La llegada de esta compañía, trajo desde nuevas y mejores tecnologías, como el ferrocarril, hasta nuevas formas de organización del trabajo y el territorio. Así aparecieron desde las primeras cortas, Filón Sur, a las mayores del mundo para la primera mitad del siglo XX, Corta Atalaya, y por ende los “vacies” mineros, comenzándose a generar un paisaje fuertemente antropizado, hasta una nueva arquitectura alóctona tanto para obra civil como industrial.

En 1954, Rio Tinto Company Limited vendió las dos terceras partes de la mina a un consorcio de capital español, constituyéndose la Compañía Española de Minas de Río Tinto. En 1966, para el beneficio de nuevas mineralizaciones y desarrollar las operaciones pirometalúrgicas de cobre, nace una nueva empresa llamada Río Tinto Patiño.

En 1970 la Compañía Española de Minas de Río Tinto se fusionó con Unión Española de Explosivos formando Unión Explosivos Río Tinto. En 1977 se constituye la empresa Río Tinto Minera S.A. (RTM), fruto de la unión de los activos de Explosivos Río Tinto y Río Tinto Patiño. Esta nueva compañía explotó la mina y la fundición en Huelva (actual Atlantic Copper), puesta en funcionamiento en 1970.

La segunda mitad de los años 80 fue un período de crisis debido a la caída de los precios del cobre, que determinó el cierre de esta línea de producción, centrándose la actividad en la explotación del mineral de gossan para la obtención de oro y plata.

En 1994 FreePort McMoRan adquiere la mayoría de las acciones de Río Tinto Minera, estando interesada principalmente en la Fundición de Cobre de Huelva.

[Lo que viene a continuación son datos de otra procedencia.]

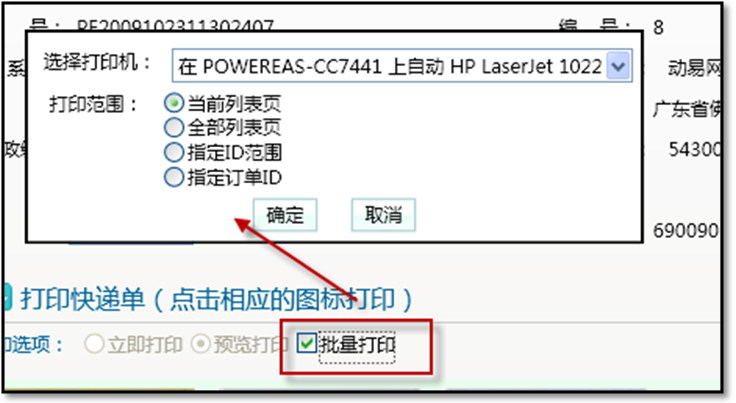 對(duì)于多個(gè)采用同一家快遞公司發(fā)貨的訂單,系統(tǒng)還支持快遞單批量打印功能,只需指定好打印范圍即可進(jìn)行批量快速打印。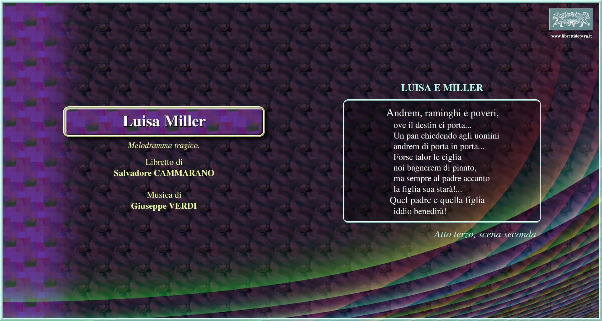 Lo vidi, e 'l primo palpito Ah! fu giusto il mio sospetto! Sacra la scelta è d'un consorte Il mio sangue, la vita darei Tu puniscimi, o signore Quando le sere al placido L'ara, o l'avello apprestami Andrem, raminghi e poveri Padre... ricevi l'estremo addio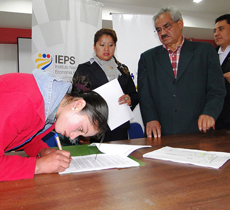 El Instituto de Economía Popular y Solidaria (IEPS), institución adscrita al Ministerio de Inclusión Económica y Social (MIES) entregó  créditos asociativos a 210 familiares indígenas y campesinas para promover la productividad y el emprendimiento. El evento se realizaró en el Auditorio del MIES Riobamba ubicado en Las Palmeras y Junín a partir de las 10h00.

El 1 de agosto de 1995 decidió la venta de la explotación minera de Riotinto a los trabajadores por el precio simbólico de una peseta por acción constituyéndose, Minas de Rio Tinto Sociedad Anónima Laboral, nueva empresa que operará en Riotinto hasta septiembre de 2001 cuando la baja cotización del cobre hizo imposible la continuación de las operaciones mineras y mineralúrgicas de forma rentable.

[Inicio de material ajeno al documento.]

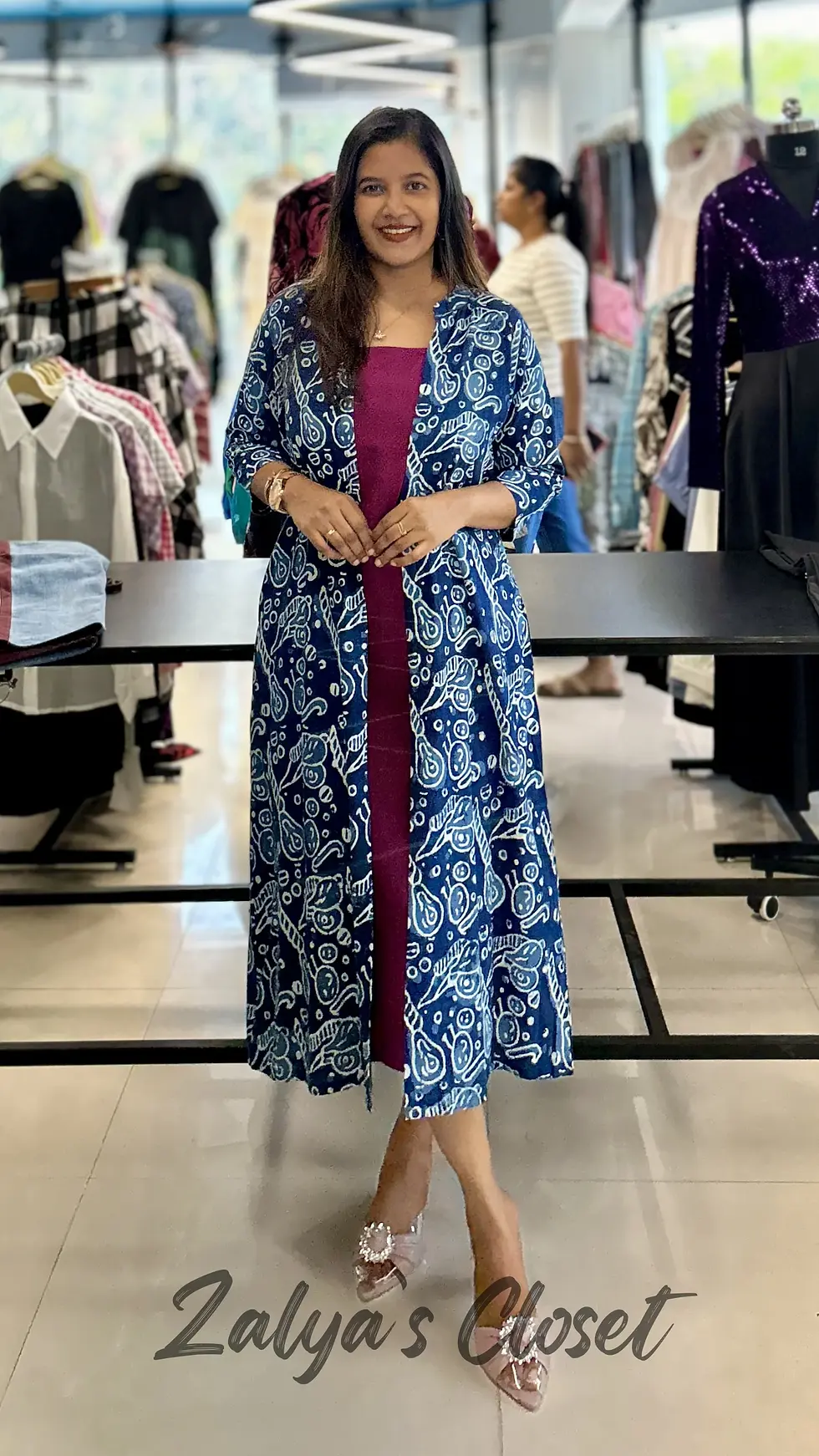 Pure Cotton Pink Kurti With Natural Dyed Long Jacket

En 2015 Emed Tartessus, actual Atalaya Mining, volvió a poner en explotación Riotinto para la obtención de concentrado de cobre. Esperamos que esta última etapa vuelva a hacer de esta milenaria mina un nuevo “Dorado Andaluz” u otra “California del Cobre”.

En 1985 Río Tinto Minera S.A. propuso la creación de Fundación Río Tinto y el Parque de la Minería, haciéndose realidad en 1987 con la creación de la Fundación Río Tinto para la historia de la minería y la metalurgia.

Esta milenaria historia minera ha generado un territorio hecho por la mano del hombre, jalonado de bienes patrimoniales testigos de todas estas épocas y los distintos procesos mineros, mineralúrgicos y pirometalúrgicos, que actualmente están catalogados e inventariados y declarados Bien de Interés Cultural.